А что же делать ему? Где прислониться?
Только что девушка, с которой собирался блаженствовать эту ночь, не пустила даже за порог, и буквально вытурила из своего дома
— Что с тобой, Алина? Какая муха на нос села? — Смотрел в глубокие черные очи и не верил, что его выгоняют. — Что я такого сделал?
— Он еще спрашивает! А кто шлюх водит к себе на квартиру?
— Каких шлюх? Что ты городишь!
— Ты где вчера был?
— На работе задержался, в офисе заночевал.
— Бабке своей расскажи! Пройдоха и бабник!— Алина острым каблуком ударила по ноге и, когда Сидор выдернул ее, захлопнула дверь. Сухо, как выстрел, ляскнул замок.
— Вот те раз! — недоуменно пожал плечами, и слегка прихрамывая, сошел со ступенек крыльца. У калитки оглянулся на закрытую дверь и в душу заползла холодная, как этот туман, грусть.
2.
Вечерело... Сантехник, полнотелый с широковатым, как месяц, ртом под носом сиреневого оттенка, нервничал.. Надо же было так случиться, что в эту предновогоднюю ночь в крайней квартире первого этажа перестала проходить вода в трубах. Ругая новоселов, он все бегал то к подвалу дома, то к канализационному колодцу, пытаясь прочистить забитую где-то между домом и колодцем, трубу. После многих усилий, лазанья на коленях в тесном колодце, удалось вытащить большой тряпочный ком. Тогда труба, будто смиловавшись над бедным сантехником, выстрелила тугим ядром из грязи, и, зашипев змеей, ударила, как из гидранта, вязкой струей нечистот.
Сантехник удовлетворенно свистнул, быстро выкарабкался наверх, и побежал к дому.
— Ну что, Настя? — приотворив двери первой квартиры. — Проходит в ванной вода?
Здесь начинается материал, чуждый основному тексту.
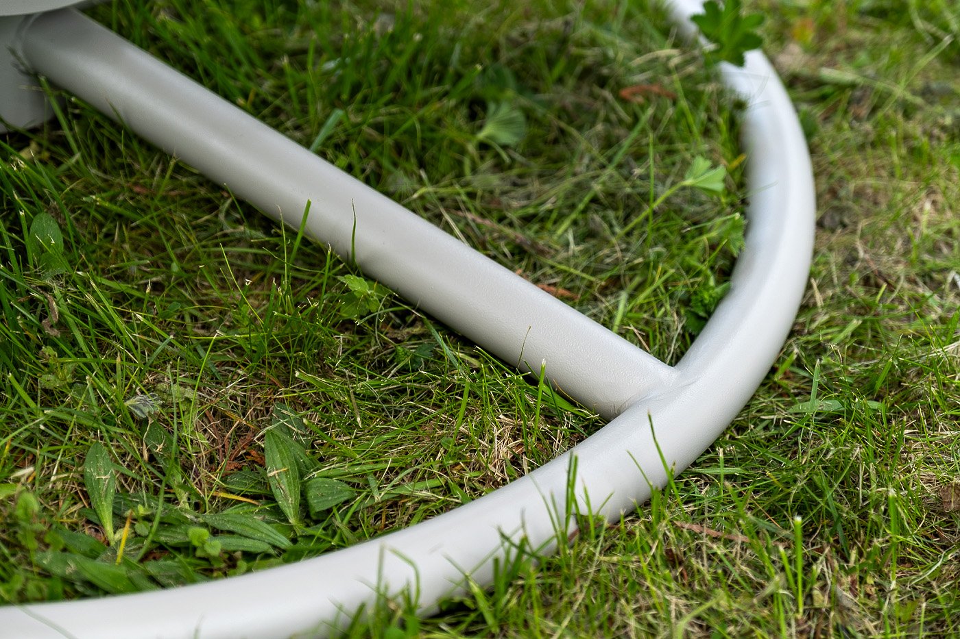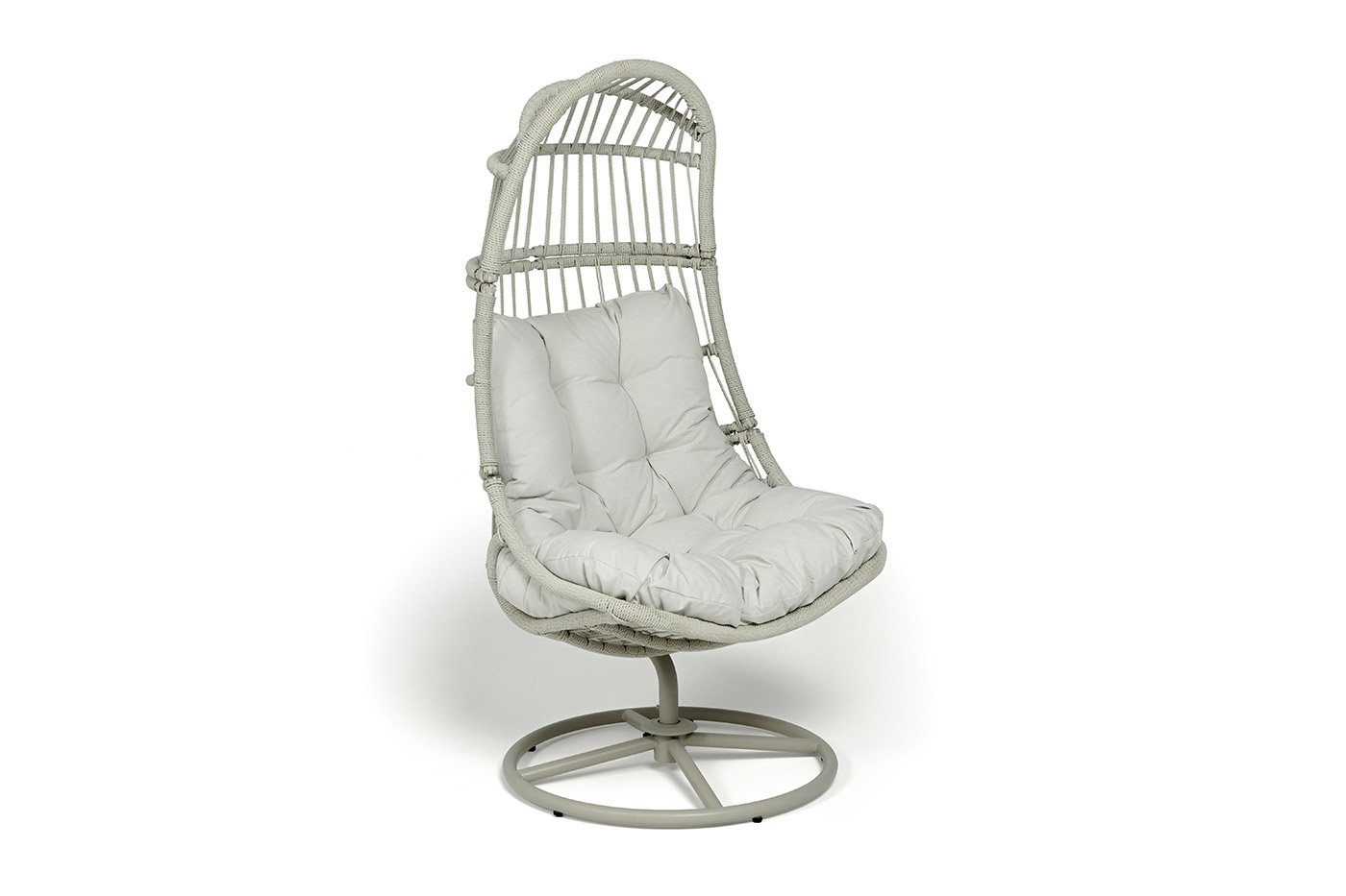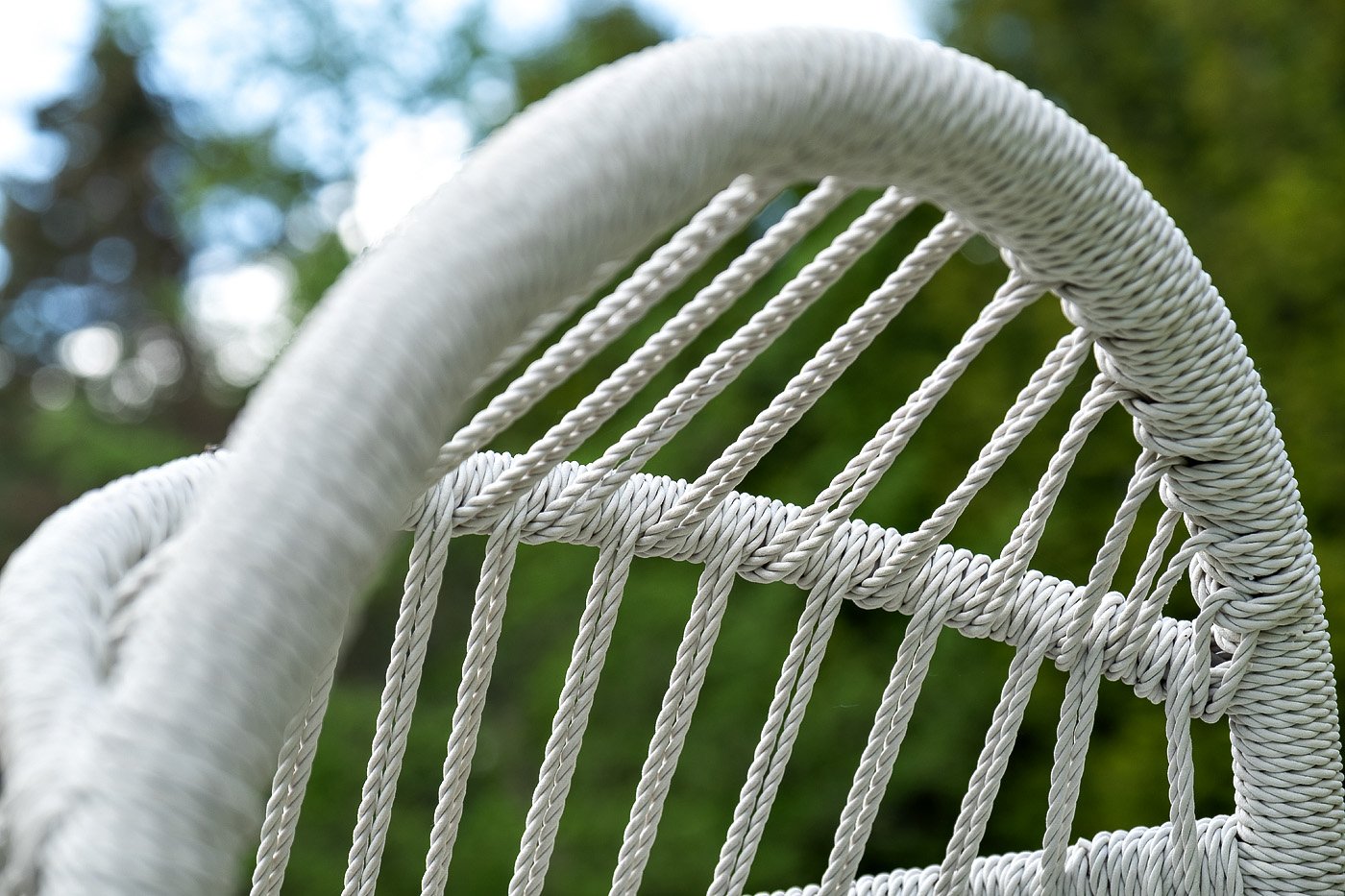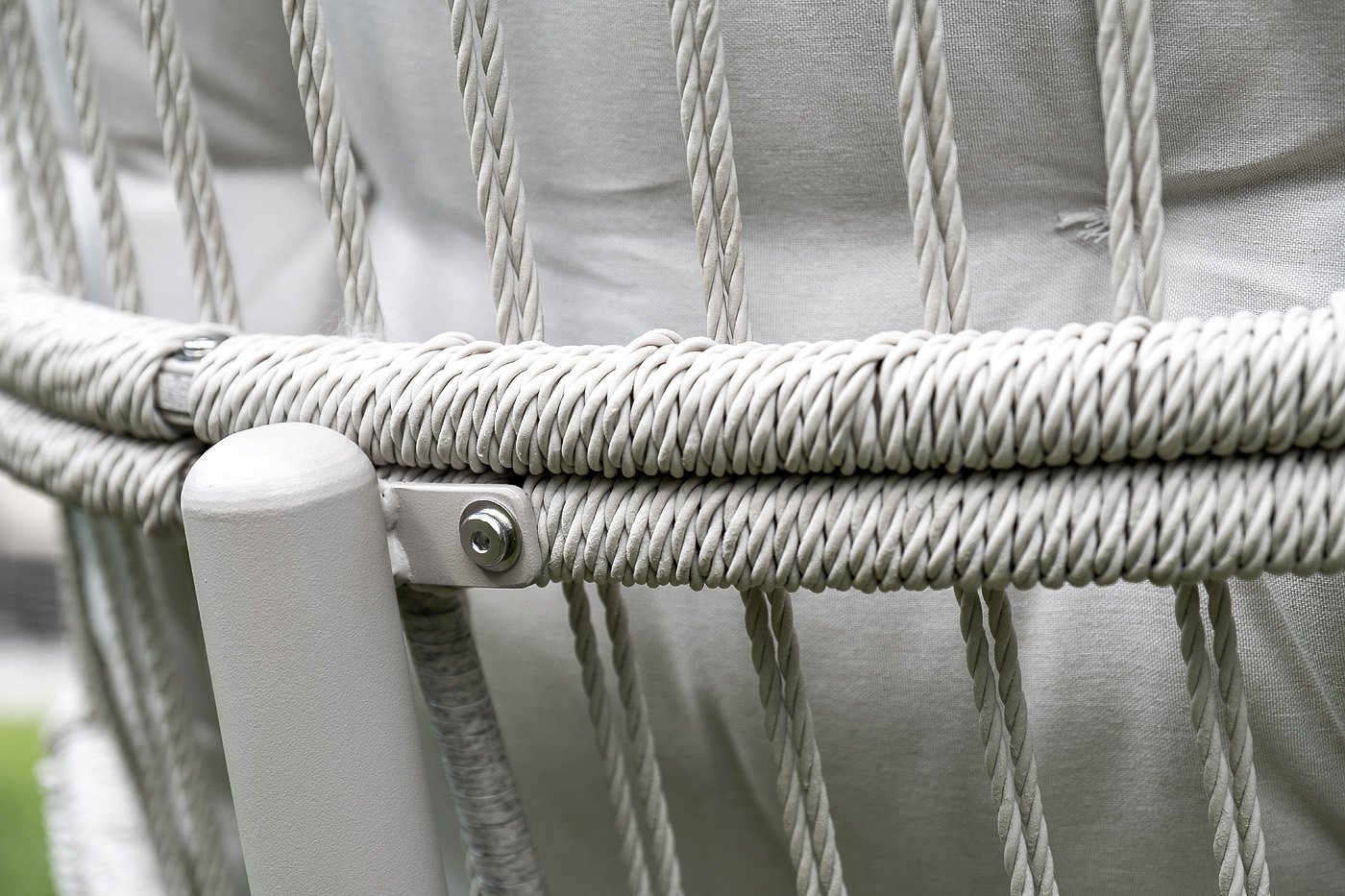 Каркас изготовлен из стали, окрашенного порошковой износостойкой краской белого цвета. Оплетка – плоский искусственный ротанг бежевого оттенка. Материал устойчив к перепадам погоды и подходит для использования на открытых пространствах.

— Проходит, — на пороге кухни появилась разгоряченная от плиты, с большими, словно яблоки, румянцами на круглых щеках, молодуха. — Спасибо тебе.
— Что ж, купайся на здоровье! Смой и оставь всю грязь старому веку, — полумесяц рта пополз к ушам в улыбке и в крапленых глазах вспыхнула прозелень, — только трусики, даже шелковые больше в канализацию не спускай!
— Такое сморозишь, Иосифку!— всплеснула руками, и с ладоней взлетела белая тучка муки. — Я старый коммунальный жилец.… Это те, — кивнула головой на верхние этажи, — бросают в унитазы все без разбора.
— Ладно, спишем на новоселов! Не забудь позвать спину потереть.
— Обязательно... Постой, ты куда? Мой руки и к столу...
— Ой, соседка, ты моя несравненная, знала бы ты, как я люблю такие слова!.. Только подожди минутку, слетаю закрою люк...
Он выбежал на улицу, задвинул на место тяжелую чугунную крышку и, весело насвистывая, вернулся на кухню за честно заработанным магарычом...
3.
Медленно ступая, будто тяжелый мешок взвалил на плечи, Сидор, плелся по улице, которая упираясь в сквер перед заводским домом культуры и сворачивала налево.
“Дурак стопроцентный! Предлагали коллеги вместе праздновать, ан нет — попёрся домой к этому непостоянному бесовскому племени” — зло думал про Алину, и ее выходку.
Вдруг до его слуха донеслось невыразительное скуление похоже на стон или на плач.
Прислушался. Тихо.
“Показалось.… Скоро мне из-за ее поступка не только голоса будут чудиться, но и нечистые являться во всей своей бесовской красе”, — только подумал он, как непонятный звук опять повторился.
Парень был не из пугливого десятка, но невыразительное не то скуление, не то плач на окраине поселка посреди безлюдной улицы запустили за плечи холодного ужа.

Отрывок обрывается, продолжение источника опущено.